7 September 2011

Final results from Monterey 2011

Leading up to Monterey, there was plenty of hand-wringing and nervous conjecture. The stock market had a tumultuous week and the economic news of the summer could simply be described as dismal. Many were wondering how this would affect all of the cars on offer in California, if at all.

By all accounts, the numbers speak for themselves. More dollars changed hands during the week than ever before — in excess of $199 million, including buyer’s premiums, for all car, boat and motorcycle lots — and 31 million-dollar sales were logged during the four days of auctions. As David Gooding remarked following the sale of the week’s record-setting lot of the world’s most expensive car sold at auction, the $16.39 million Ferrari 250 TR prototype, questions about how the stock market’s performance impacts the collector car market should now be definitively answered. If only, perhaps, for the upper-most edge of the market.

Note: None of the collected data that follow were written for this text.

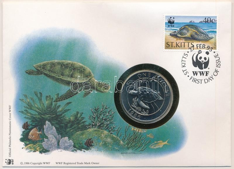 Kelet-Karibi Államok / St. Kitts boríték, benne Bermuda 1986. 1$ Cu-Ni "A Világ Vadvédelmi Alap (WWF) 25. évfordulója" forgalomba nem került emlékkiadás érmés borítékban, bélyeggel és bélyegzéssel T:1 kis patina
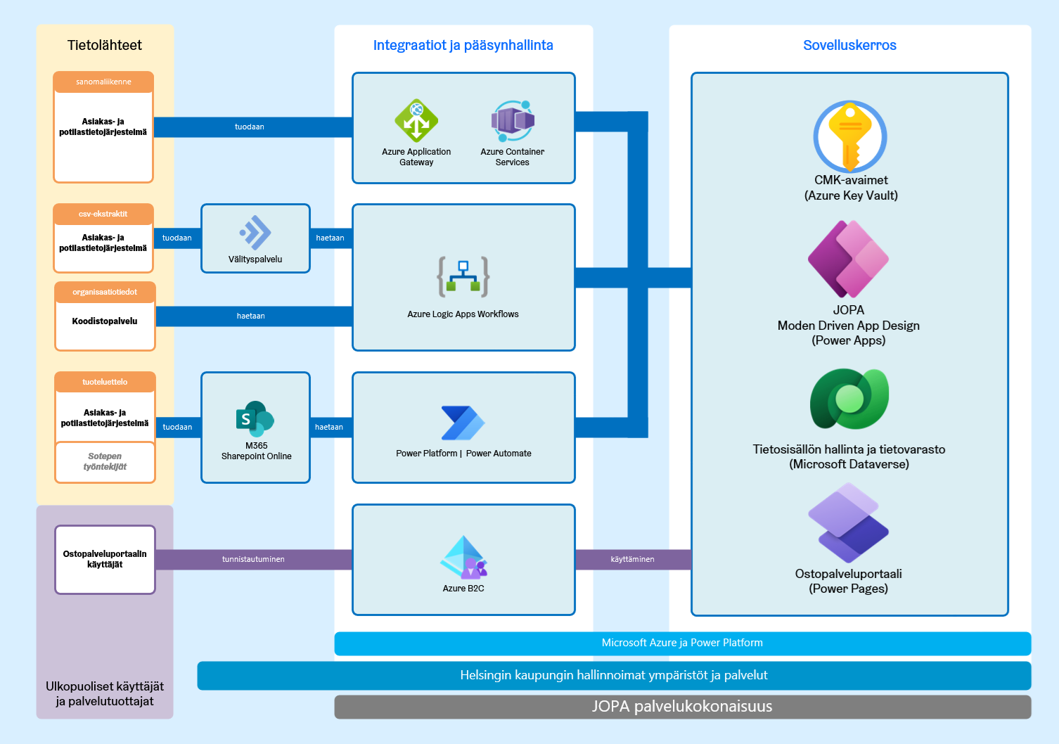JOPA-projektin kehittäminen toteutettiin monitoimijaympäristössä, jossa yhdistettiin substanssi- ja tekninen asiantuntemus sekä hyödynnettiin erityisosaamista tietosuoja-, tietoturva-, viestintä- ja hankinta-asioissa.
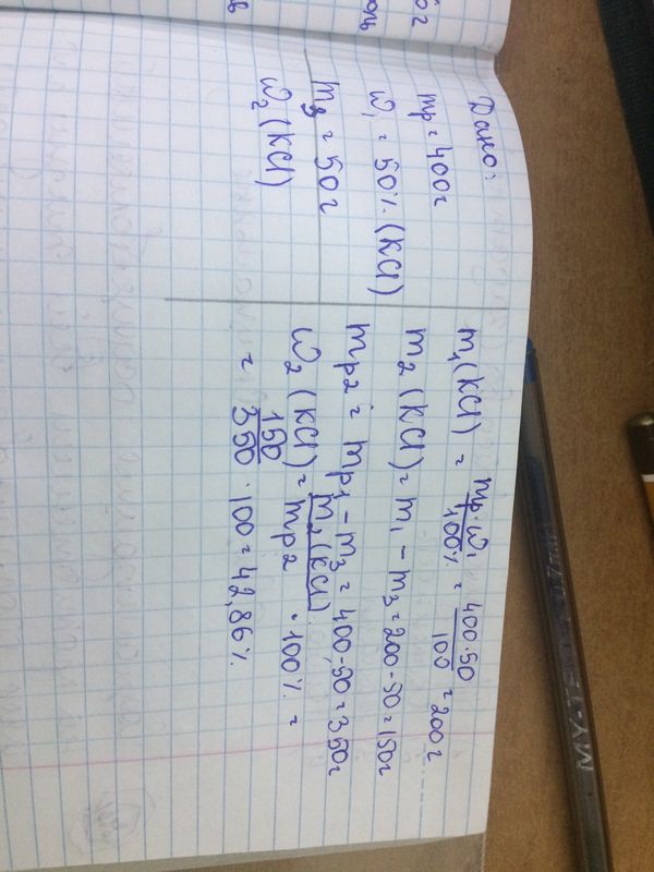 ХИМ 27) Из 400 г 50% -ного раствора хлорида калия при охлаждении выделилось 50 г растворенного вещества. Вычислите массовую долю (% ) хлорида калия в конечном растворе. (Запишите целое число).
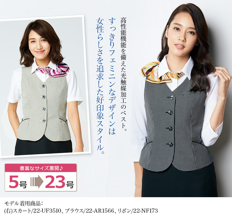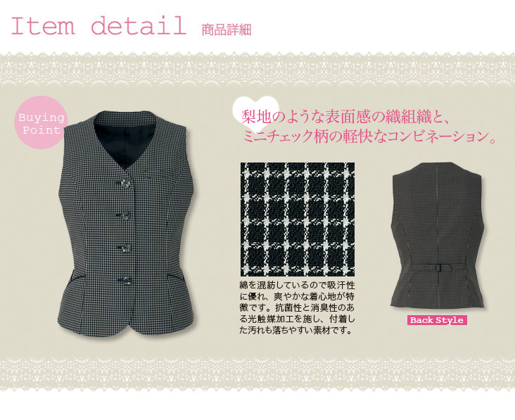 光の力でニオイを分解して、汚れもきれいに落とせる高機能なベスト。すっきりとフェミニンな女性らしいデザインと、豊富なサイズ展開が魅力です。
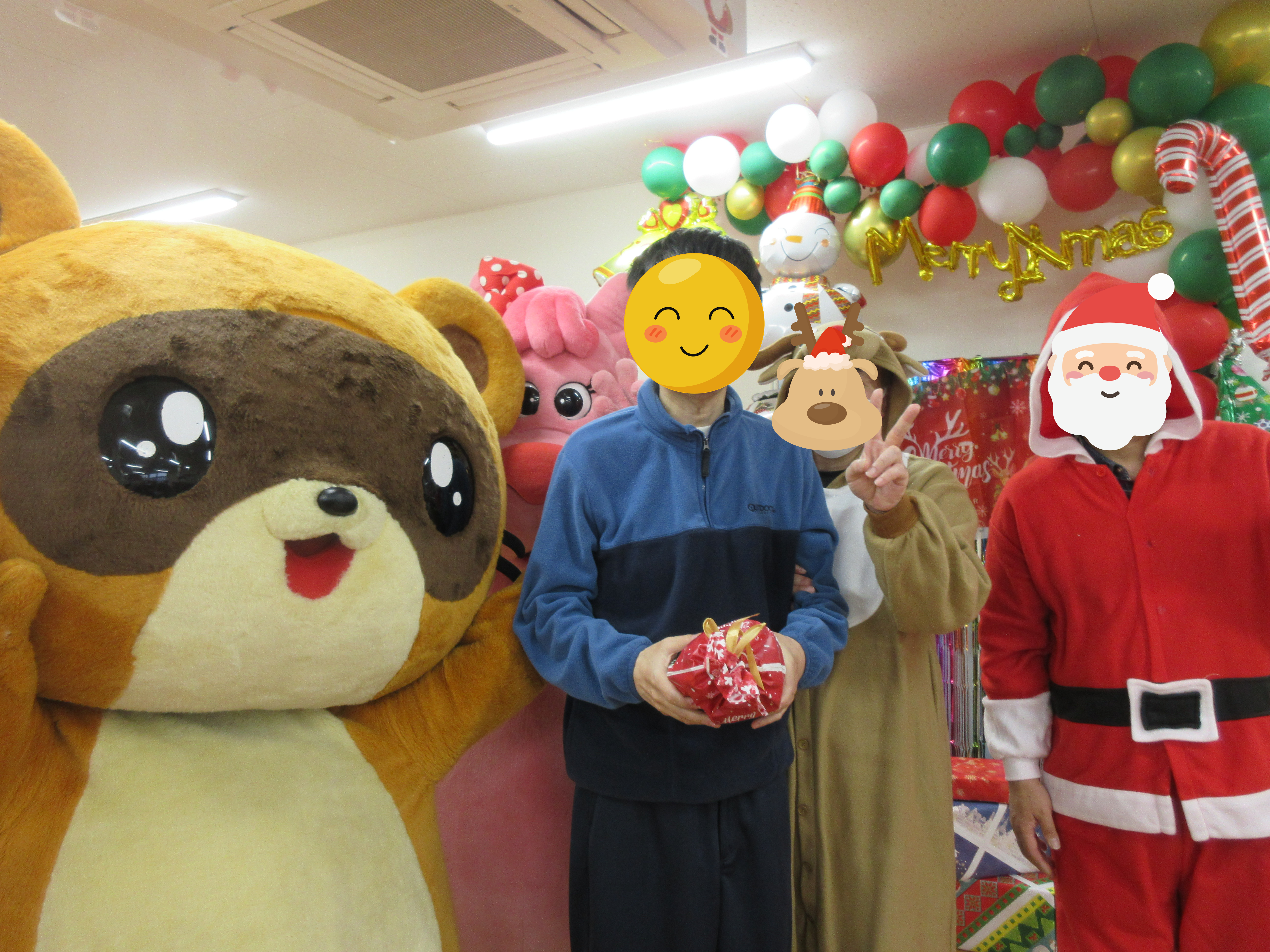 見事、ビンゴした利用者様はサンタやトナカイ、きさポン、ソデリーと記念撮影📸
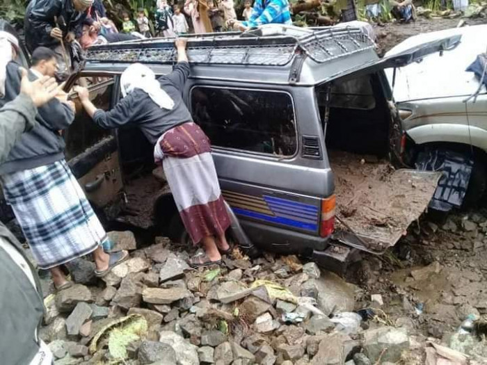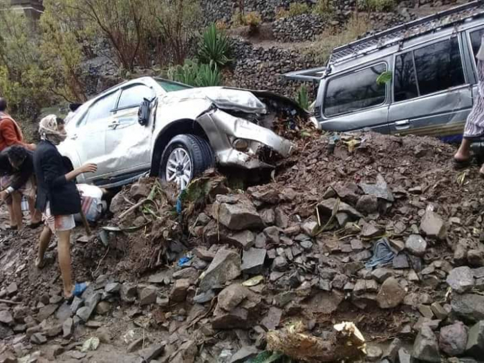 اجتاحت سيول جارفة، اليوم الجمعة، عزلة منطقة الصرم في محافظة تعز، جراء موجة أمطار غزيرة، وخلفت حالة دمار واسعة.
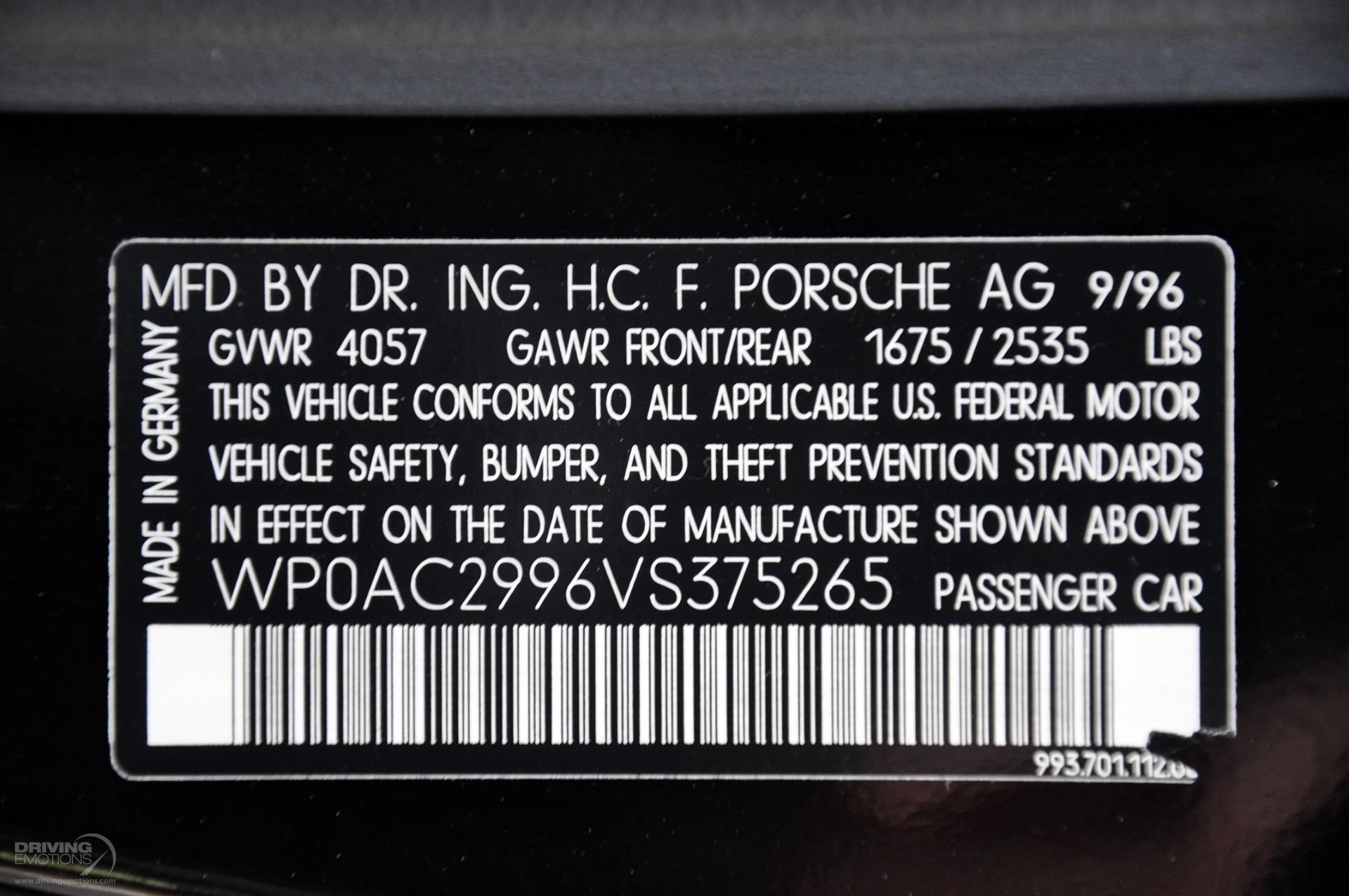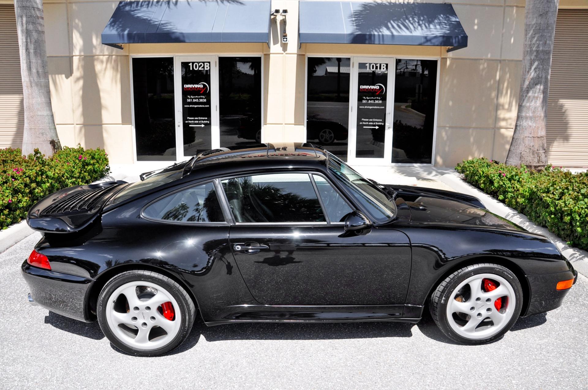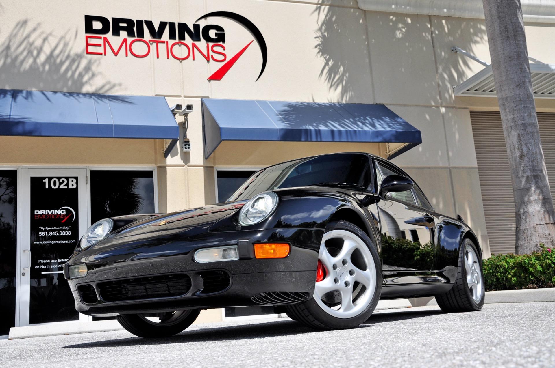 1997 Porsche 911 993 Turbo!! Black with Black Leather Interior! Only 13,764 pampered miles! Very Low Mileage!! This Low Mileage Sports Car is absolutely stunning and is kept in our In-Door, Climate Controlled Showroom! You will NOT find a Lower Mile 1997 993 911 Turbo like this on the market today!! The Color Combo on this Porsche Turbo is Truly Stunning! This 1997 Porsche 911 Turbo comes Factory Loaded with 6-Speed Manual Transmission, Factory Porsche Turbo Wheels, Red Brake Calipers, Electric Sunroof, Rear Window Wiper, Xenon Headlamps, CD Changer in front bonnet, Porsche Stereo with Cassette, Oval Chrome Exhaust Pipe Tips, Aluminum and Leather Shift Handle, Aluminum and Leather Brake Handle, Porsche Crest in Front Headrests, Black Supple Leather Interior, Plus Much More!! Porsches Twin-Turbocharged, Flat 6 Engine produces approximately 408 HP at 5750 rpms and 398 Ft. Lb. of Torque at 4500 rpms and can sprint from 0-60 MPH in approximately 4.4 Seconds!! This 1997 Porsche 911 993 Turbo is in stunning condition and is kept in our in-door showroom and ready for immediate delivery! Please contact our experienced sales team. Please feel free to contact our Showroom with any questions at 561-845-3838 to find out more information. Driving Emotions.

Of course, since most people focus on the total dollar amount of the combined sales, it is largely forgotten that there are simply more cars on offer than ever before during this ever-expanding week (yes, “week,” and not “weekend” as it once was). Not to diminish the feat — $200 million in round numbers is an accomplishment no matter how you parse it — but the peninsula now hosts five automobile auctions (as opposed to three in 2001), and saw more than four times the number of lots offered compared with 10 years ago. What once was a must-see event has transcended that status by a magnitude, and now seems to be a phenomenon in possession of its own gravity.

Nonetheless, even with four times the number of cars, the sales total was roughly 6.5 times greater. Most impressive is that Gooding’s top three sales alone eclipsed the entire total of 2001, and RM managed to surpass the same figure with its top seven cars.

Following are the sales totals from each auction house*:

RM Auctions: $80 million
Gooding & Company: $78 million
Mecum: $22.2 million
Bonhams: $10.3 million
Russo and Steele: $8.3 million

*Results include buyer’s premium and may not reflect all post-block sales.

Brian Rabold is the editor of Hagerty Price Guide.